(TASK STATEMENT) Please reproduce the lines from the one containing "Dari tabel kerja" through the end of the data below exactly as they stand, and omit all pictures.

(DATA BELOW)
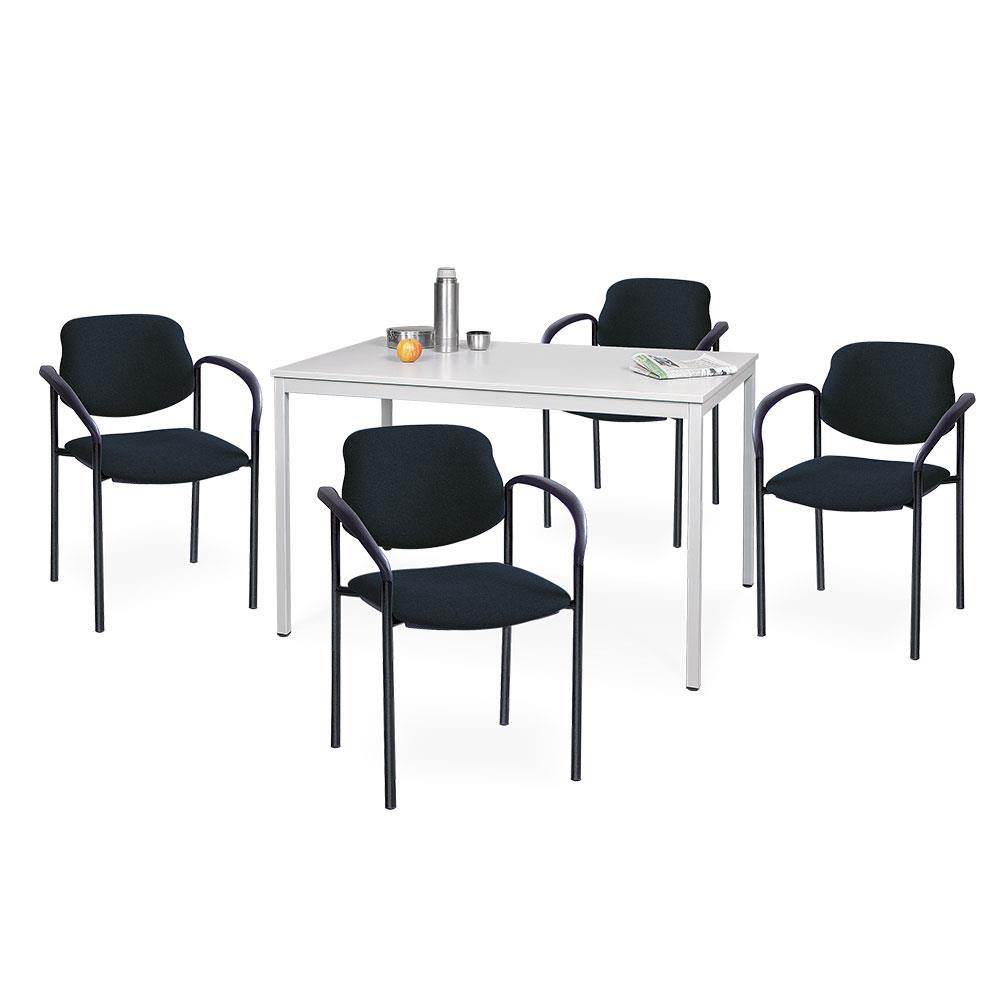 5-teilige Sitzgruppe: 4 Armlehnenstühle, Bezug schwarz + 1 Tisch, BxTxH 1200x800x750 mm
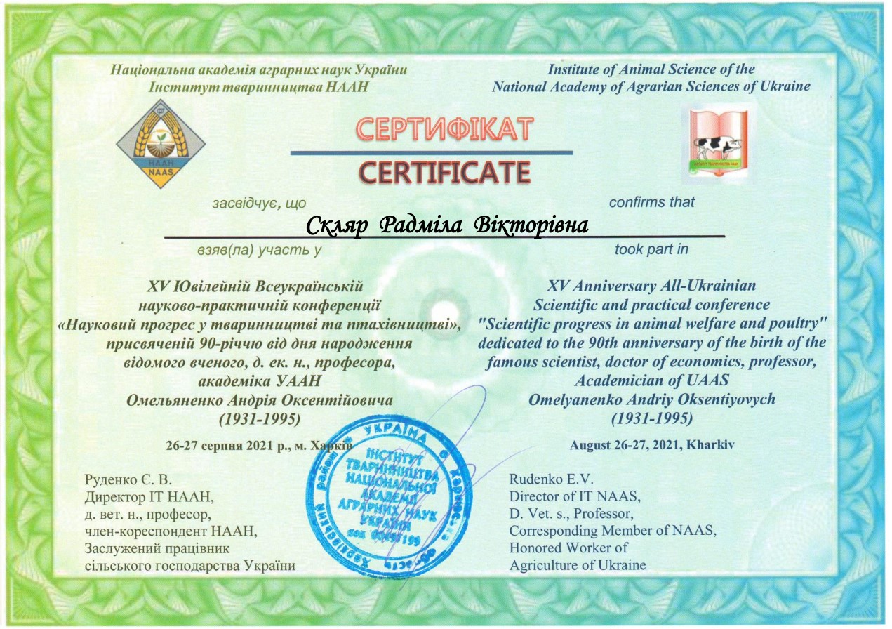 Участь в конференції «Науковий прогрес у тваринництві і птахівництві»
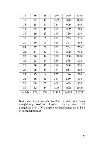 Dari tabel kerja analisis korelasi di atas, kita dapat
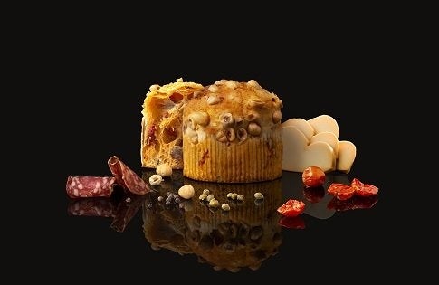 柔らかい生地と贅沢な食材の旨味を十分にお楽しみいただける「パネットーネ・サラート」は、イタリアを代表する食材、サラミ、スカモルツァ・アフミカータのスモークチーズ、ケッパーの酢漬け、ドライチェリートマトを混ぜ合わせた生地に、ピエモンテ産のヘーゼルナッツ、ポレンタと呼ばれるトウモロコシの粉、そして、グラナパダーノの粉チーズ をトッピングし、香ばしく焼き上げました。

(WRITTEN RESPONSE)
 Dari tabel kerja analisis korelasi di atas, kita dapat
 柔らかい生地と贅沢な食材の旨味を十分にお楽しみいただける「パネットーネ・サラート」は、イタリアを代表する食材、サラミ、スカモルツァ・アフミカータのスモークチーズ、ケッパーの酢漬け、ドライチェリートマトを混ぜ合わせた生地に、ピエモンテ産のヘーゼルナッツ、ポレンタと呼ばれるトウモロコシの粉、そして、グラナパダーノの粉チーズ をトッピングし、香ばしく焼き上げました。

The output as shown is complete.